第237章:朝堂哗然,如何应对
驿马冲破晨雾,蹄声撞开宫门。
通政司官捧着油布包裹的文书疾步穿廊,甲片刮过石阶发出短促响动。
早朝将散,文武官员正收袖准备退班。
夜宸渊指尖搭在龙椅扶手上,目光扫过殿外天色。
“边关急报——”
声音撕裂寂静。
百官转身,视线钉在通政司官手中。
那人跪地展开文书,嗓音发紧:“主帅云倾凰陈情书:职守所在,不敢轻离。”
礼部尚书猛地站起,袍角带翻茶盏。
“抗旨?这是明摆着违逆圣命!”
兵部侍郎低声道:“她未称病推脱,也未拒接诏书,只是上书陈情……依制合乎规矩。”
“规矩?”礼部尚书冷笑,“主帅拒返京受赏,还敢自称依制?若人人效仿,朝廷威严何存!”

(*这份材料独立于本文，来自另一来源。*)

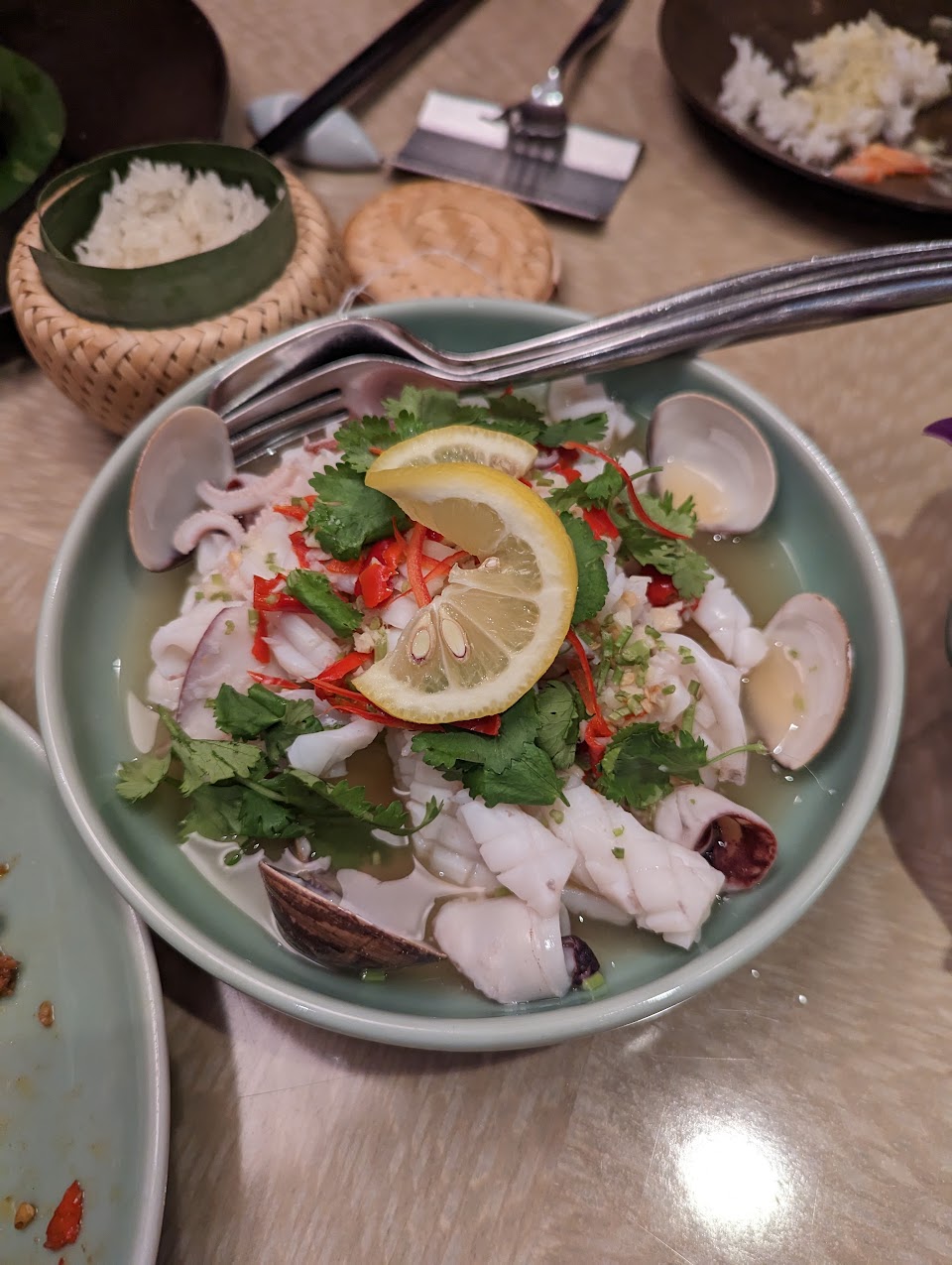 很厚的月亮蝦餅 酸辣拌海鮮 摩摩喳喳 泰式雞蛋糕 松阪豬頸肉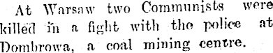 At Warsaw two Communists were killed in a fight with the police at Dombrowa, a coal mining centre.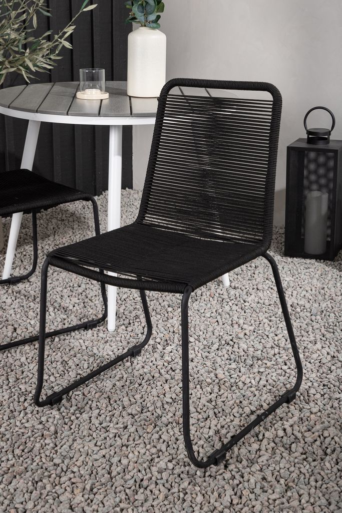 De smäckra stolarna från serien Lindos har svarta aluminiumben och en sits gjord av slitstarkt svart rep, vilket ger både stil och komfort. Dessutom kan stolarna staplas för enkel förvaring när de inte används.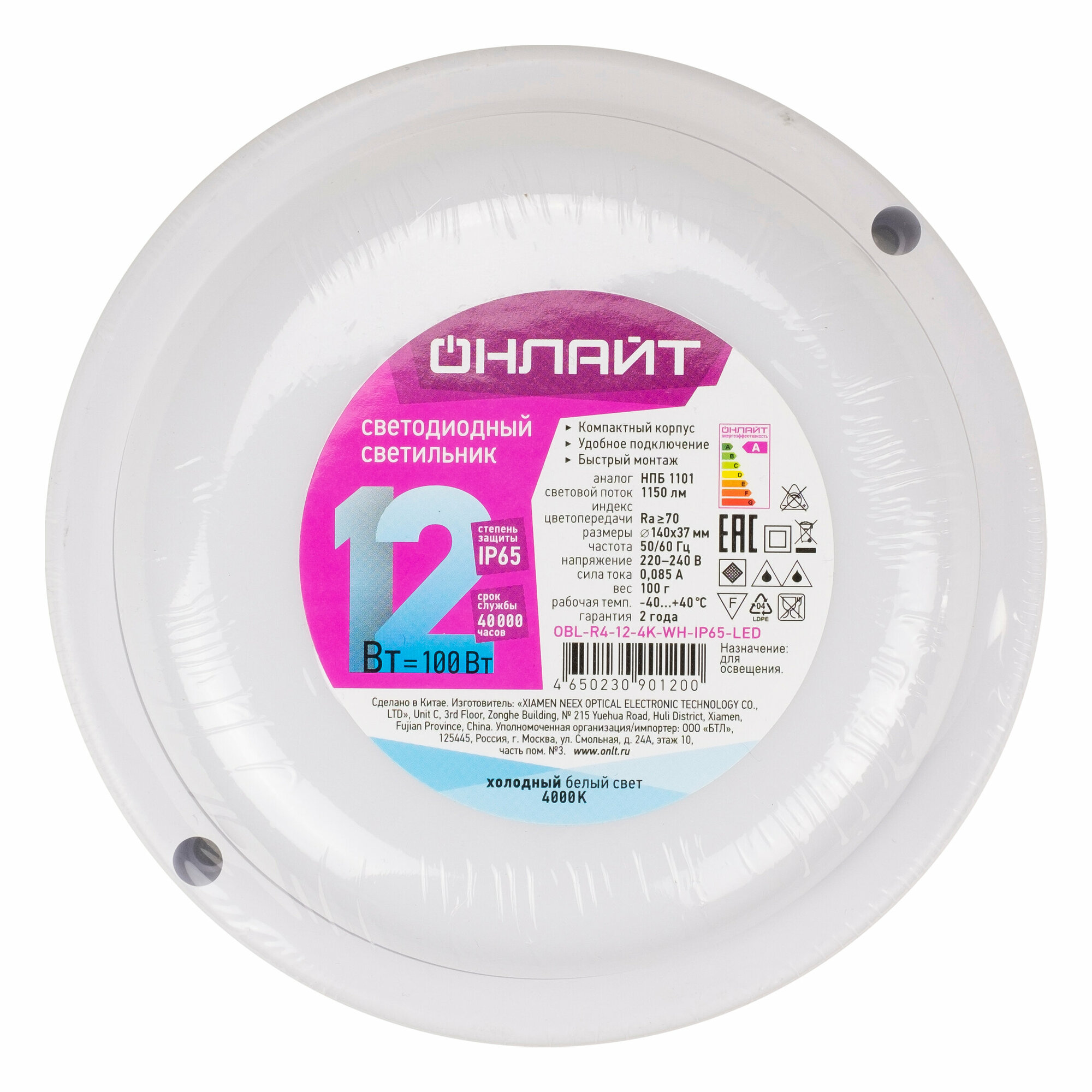 Светильник пылевлагозащищенный онлайт 90 121 OBL-R4, 12 Вт, холодного света 6500К, IP65, белый

户部左侍郎插话:“西北三堡军粮六成出自其自筹,若骤然夺权,恐边军生变。”
“那便由她逍遥在外?”刑部主事拍案,“今日抗召回京,明日便可拒调兵符!纲常崩坏,始于纵容!”
夜宸渊始终未语。
他盯着御案边缘一道旧刻痕,那是某次地震震落镇纸所留。
“云倾凰握重兵于外已逾两载。”工部尚书缓缓开口,“修驿站、立边市、收流民,根基渐固。此时削权,无异逼反。”
“可她若真忠心为国,岂会拒召?”礼部尚书紧盯夜宸渊,“陛下不表态,臣等不知所从。”
殿内骤静。
夜宸渊终于抬眼:“卿等所言皆有理。”
兵部尚书立即接话:“蛮族可汗虽毙,南八部未降。今若换将,前线士气必挫。”
“但她已形同割据!”礼部尚书声音拔高,“商路自控、铁器私炼、屯田募兵,哪一样经由中枢批复?”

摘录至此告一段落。